● **To do**: Leaving out the pictures, please retype each record exactly.

● **Input material**:
•••••

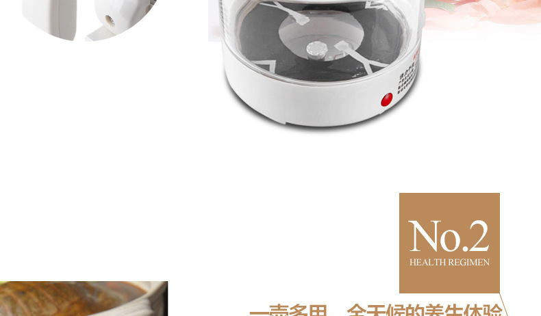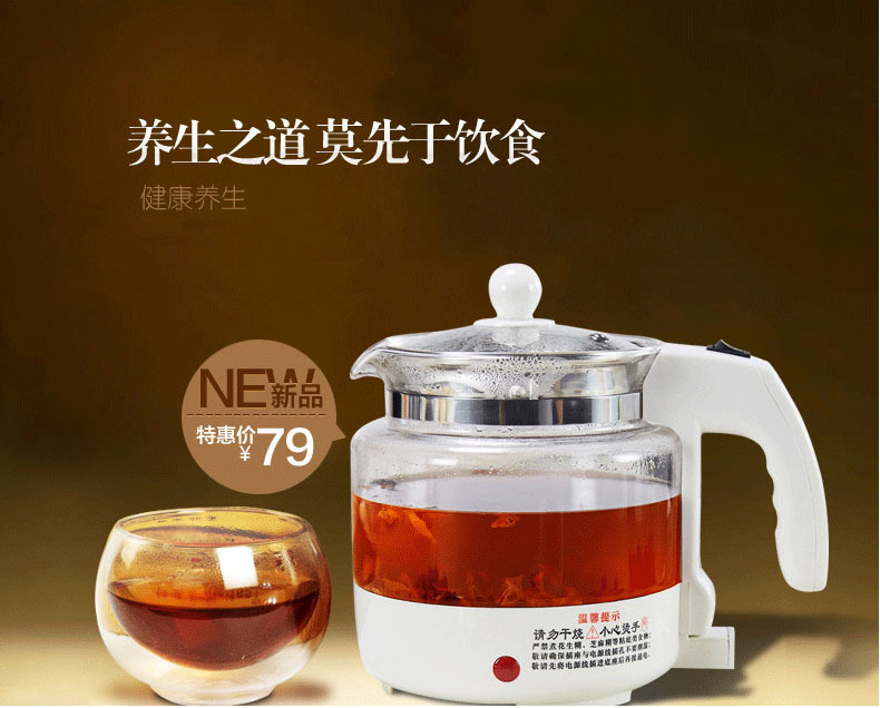 --全玻璃養生壺最大功率410W,功率溫和,完全符合養生火候,均勻加熱,保護水質,活化水分子,最大限度保護食材營養,真正做到綠色健康養生--告別傳統不銹鋼電水壺喝水也要喝最健康的.....
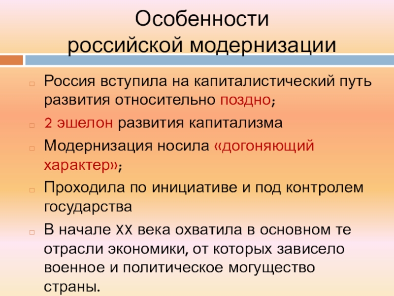 В начале XX века охватила в основном те отрасли экономики, от которых зависело военное и политическое могущество страны.
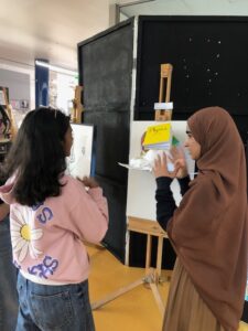 During the session, we used the Praise–Polish method. TOK students provided feedback on sticky notes, offering Praiseby highlighting successful aspects of the artwork and Polish by suggesting one constructive idea for improvement. This created a supportive environment for sharing ideas and encouraging artistic growth.
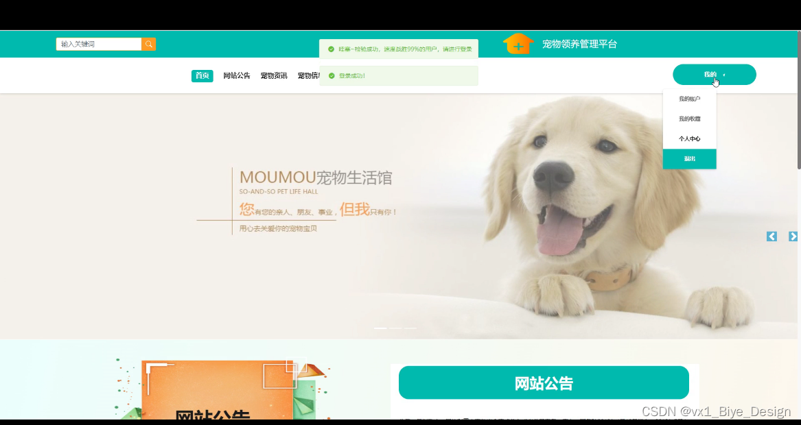 进入系统可以查看:首页,网站公告,宠物资讯,宠物信息,我的账户,我的收藏,个人中心,领养申请,寻找宠物,寻宠结果等功能模块,还可进行相应的操作,如下图所示。
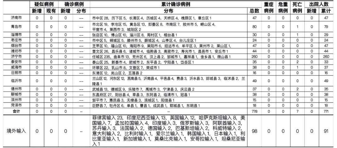 山东无新增本地疑似病例、确诊病例。累计报告确诊病例778例,死亡7例,治愈出院771例。
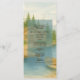 Lake Tahoe Mountain Rustic Wedding Réception Programme et menu lumineux tout en une carte Ce programme et menu capture le charme du lac Tahoe avec ses pins, son lac serein et ses éléments rustiques de lodge. Parfait pour les réceptions de mariage de destination alpine. Facilement personnalisable pour convenir à votre événement. Les textures d'aquarelle assistée par l'IA améliorent sa beauté. Les références aux médias sociaux peuvent générer une petite commission sans frais supplémentaires pour vous.
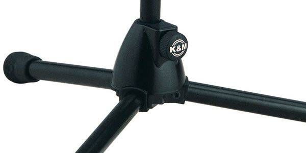 Опорный механизм стойки для микрофона K&M 25950-300-55 выполнен в виде телескопической конструкции с тремя опорными, складными ногами, каждая из которых оснащена нескользящей подошвой из резины (каучука). Треножное основание стойки изготавливается из прочных, массивных металлических труб из специального сплава металла с алюминием. Верхнее крепление выдвигающихся частей оснащены блокировочными, зажимными и стопорными винтами.
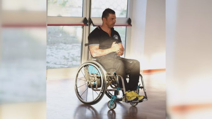 La sua associazione “Mollare Mai” è una associazione sportiva che vuole avvicinare i ragazzi disabili allo sport tramite discipline come l’handbike, easybike, triciclo, palestra/piscina riabilitativa. Si impegna anche nell’insegnamento del buon uso corretto della carrozzina. E lui, Adriano Bolognese , partito dalla sua esperienza personale, insieme all’importantissimo aiuto della moglie Eleonora è riuscito a coinvolgere tantissimi giovani. Oggi lancia il suo appello alle istituzioni, i suoi ragazzi sono senza uno spazio per ritrovarsi: “Stiamo cercando in tutti i modi di trovare dei rimedi per quanto riguarda una palestra per i miei ragazzi, abbiamo la disponibilità di un giorno a settimana nella palestra di Stefano De Giorgi che ringrazio vivamente,ma non abbiamo più la palestra comunale di Serrano, abbiamo cercato in tutti i modi di trovare soluzioni tra Dirigente Scolastico e Comune di Carpignano Salentino ma purtroppo le normative vigenti anti COVID19 non ci permettono di praticare attività motoria e Sportiva per i miei ragazzi disabili….veramente sono un po’ giù di morale, avevamo costruito nel 2019 un qualcosa di straordinario mai visto prima, “aggregazione” “sorrisi” ma anche tanti vantaggi “psicofisici” 30 ragazzi che non vedevano l’ora di praticare le nostre attività. Speriamo con tutto il cuore che le cose possano cambiare, perché altrimenti tutto quello che è stato creato in 3 anni a questa parte andrà in fumo, Istituzioni dateci una mano”.
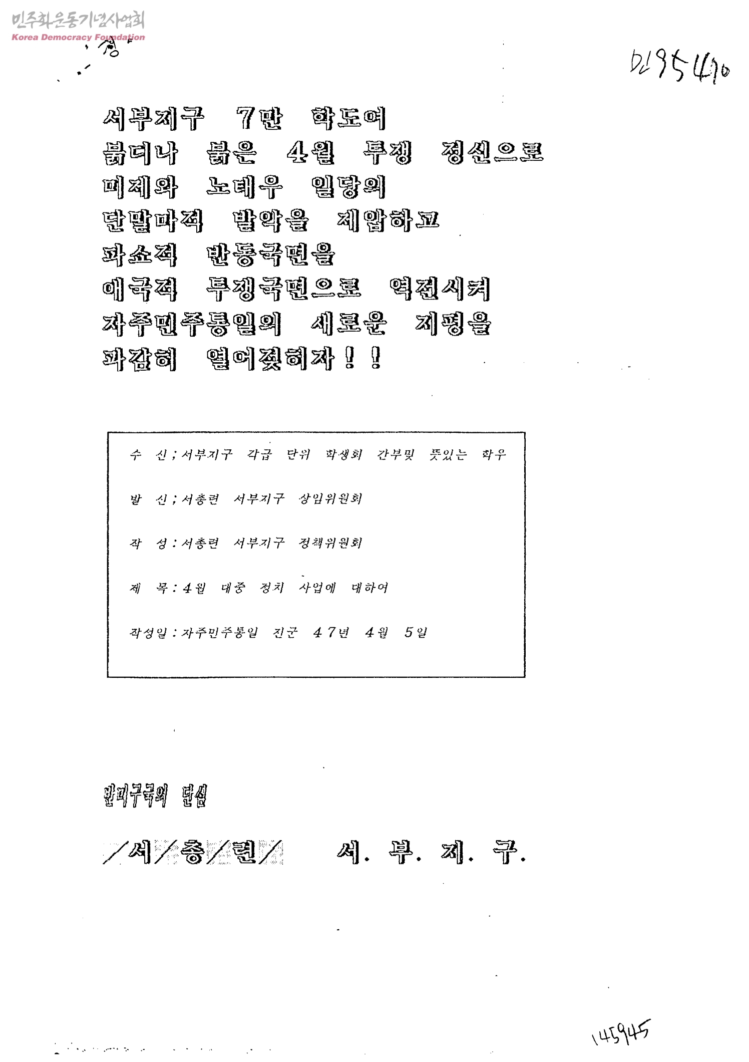 4월 대중 정치 사업에 대하여[발신:서총련서부지구상임위원회 수신:서부지구각급단위학생회간부및뜻있는학우]
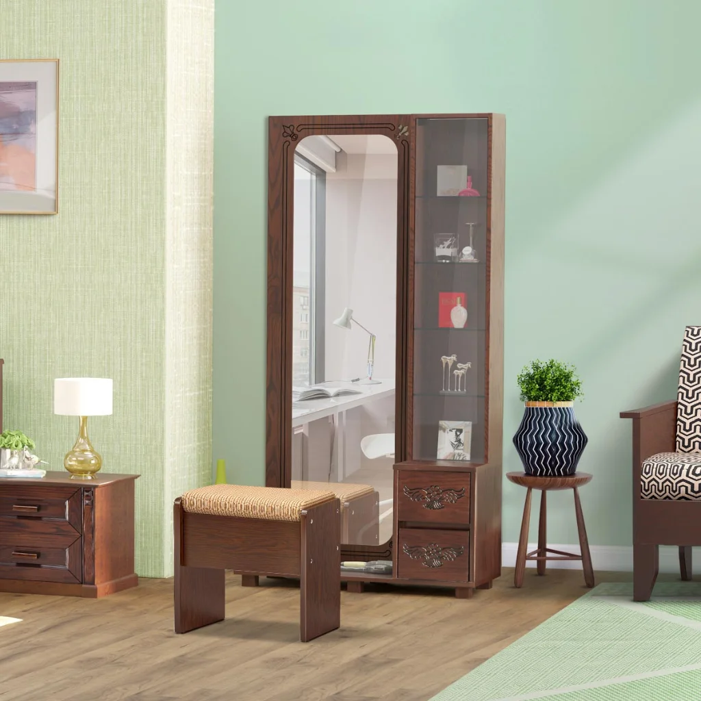 ড্রেসিং টেবিলটি টেকসই প্রক্রিয়াজাতকৃত কাঠ দিয়ে তৈরি, যা দীর্ঘস্থায়ী এবং পরিধান ও ফাটল ভালোভাবে প্রতিরোধ করতে সক্ষম
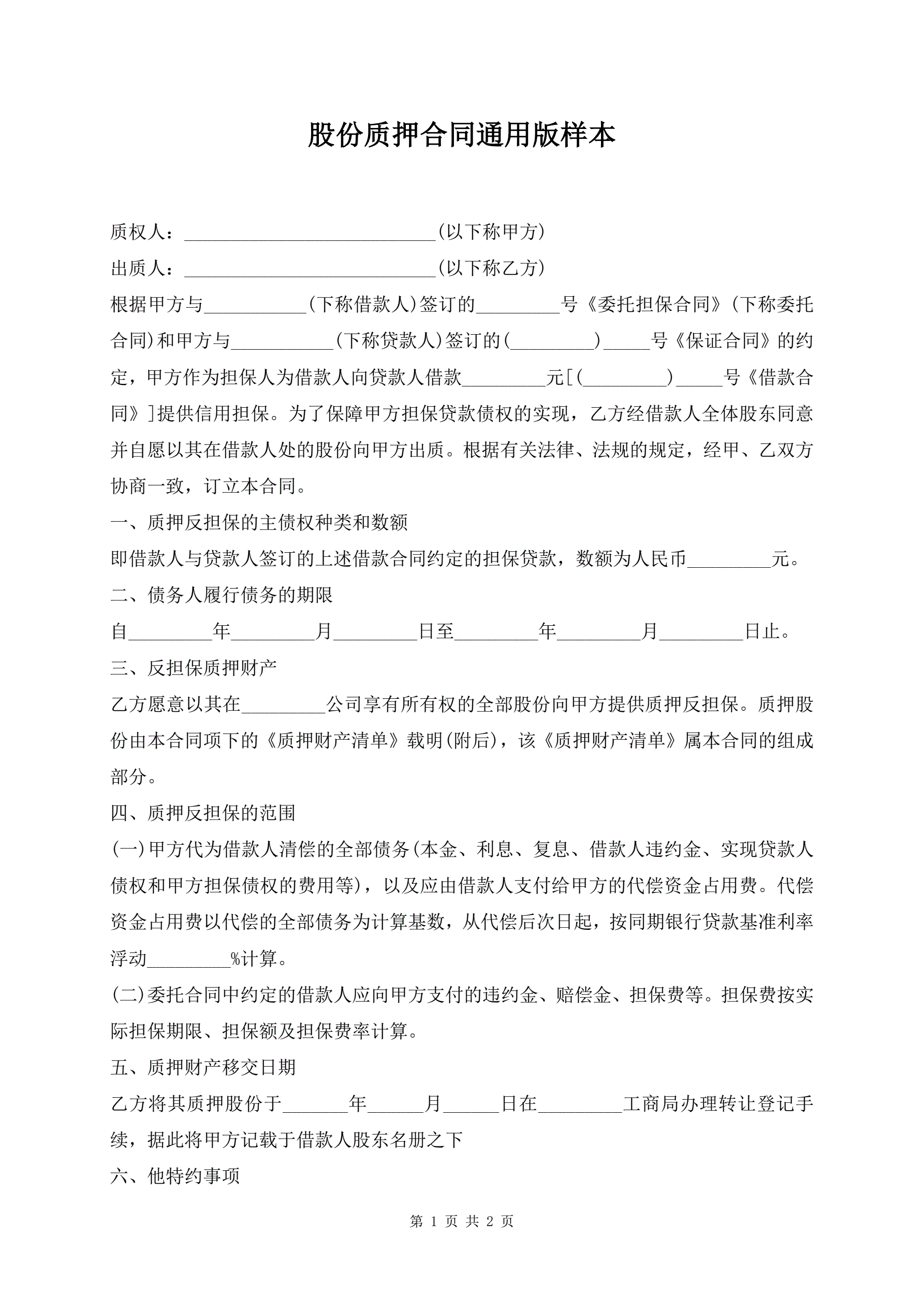股份质押合同通用版样本

•••••

● **Answer below**:
 --全玻璃養生壺最大功率410W,功率溫和,完全符合養生火候,均勻加熱,保護水質,活化水分子,最大限度保護食材營養,真正做到綠色健康養生--告別傳統不銹鋼電水壺喝水也要喝最健康的.....
 В начале XX века охватила в основном те отрасли экономики, от которых зависело военное и политическое могущество страны.
 During the session, we used the Praise–Polish method. TOK students provided feedback on sticky notes, offering Praiseby highlighting successful aspects of the artwork and Polish by suggesting one constructive idea for improvement. This created a supportive environment for sharing ideas and encouraging artistic growth.
 进入系统可以查看:首页,网站公告,宠物资讯,宠物信息,我的账户,我的收藏,个人中心,领养申请,寻找宠物,寻宠结果等功能模块,还可进行相应的操作,如下图所示。
 山东无新增本地疑似病例、确诊病例。累计报告确诊病例778例,死亡7例,治愈出院771例。
 Lake Tahoe Mountain Rustic Wedding Réception Programme et menu lumineux tout en une carte Ce programme et menu capture le charme du lac Tahoe avec ses pins, son lac serein et ses éléments rustiques de lodge. Parfait pour les réceptions de mariage de destination alpine. Facilement personnalisable pour convenir à votre événement. Les textures d'aquarelle assistée par l'IA améliorent sa beauté. Les références aux médias sociaux peuvent générer une petite commission sans frais supplémentaires pour vous.
 Опорный механизм стойки для микрофона K&M 25950-300-55 выполнен в виде телескопической конструкции с тремя опорными, складными ногами, каждая из которых оснащена нескользящей подошвой из резины (каучука). Треножное основание стойки изготавливается из прочных, массивных металлических труб из специального сплава металла с алюминием. Верхнее крепление выдвигающихся частей оснащены блокировочными, зажимными и стопорными винтами.
 La sua associazione “Mollare Mai” è una associazione sportiva che vuole avvicinare i ragazzi disabili allo sport tramite discipline come l’handbike, easybike, triciclo, palestra/piscina riabilitativa. Si impegna anche nell’insegnamento del buon uso corretto della carrozzina. E lui, Adriano Bolognese , partito dalla sua esperienza personale, insieme all’importantissimo aiuto della moglie Eleonora è riuscito a coinvolgere tantissimi giovani. Oggi lancia il suo appello alle istituzioni, i suoi ragazzi sono senza uno spazio per ritrovarsi: “Stiamo cercando in tutti i modi di trovare dei rimedi per quanto riguarda una palestra per i miei ragazzi, abbiamo la disponibilità di un giorno a settimana nella palestra di Stefano De Giorgi che ringrazio vivamente,ma non abbiamo più la palestra comunale di Serrano, abbiamo cercato in tutti i modi di trovare soluzioni tra Dirigente Scolastico e Comune di Carpignano Salentino ma purtroppo le normative vigenti anti COVID19 non ci permettono di praticare attività motoria e Sportiva per i miei ragazzi disabili….veramente sono un po’ giù di morale, avevamo costruito nel 2019 un qualcosa di straordinario mai visto prima, “aggregazione” “sorrisi” ma anche tanti vantaggi “psicofisici” 30 ragazzi che non vedevano l’ora di praticare le nostre attività. Speriamo con tutto il cuore che le cose possano cambiare, perché altrimenti tutto quello che è stato creato in 3 anni a questa parte andrà in fumo, Istituzioni dateci una mano”.
 4월 대중 정치 사업에 대하여[발신:서총련서부지구상임위원회 수신:서부지구각급단위학생회간부및뜻있는학우]
 ড্রেসিং টেবিলটি টেকসই প্রক্রিয়াজাতকৃত কাঠ দিয়ে তৈরি, যা দীর্ঘস্থায়ী এবং পরিধান ও ফাটল ভালোভাবে প্রতিরোধ করতে সক্ষম
股份质押合同通用版样本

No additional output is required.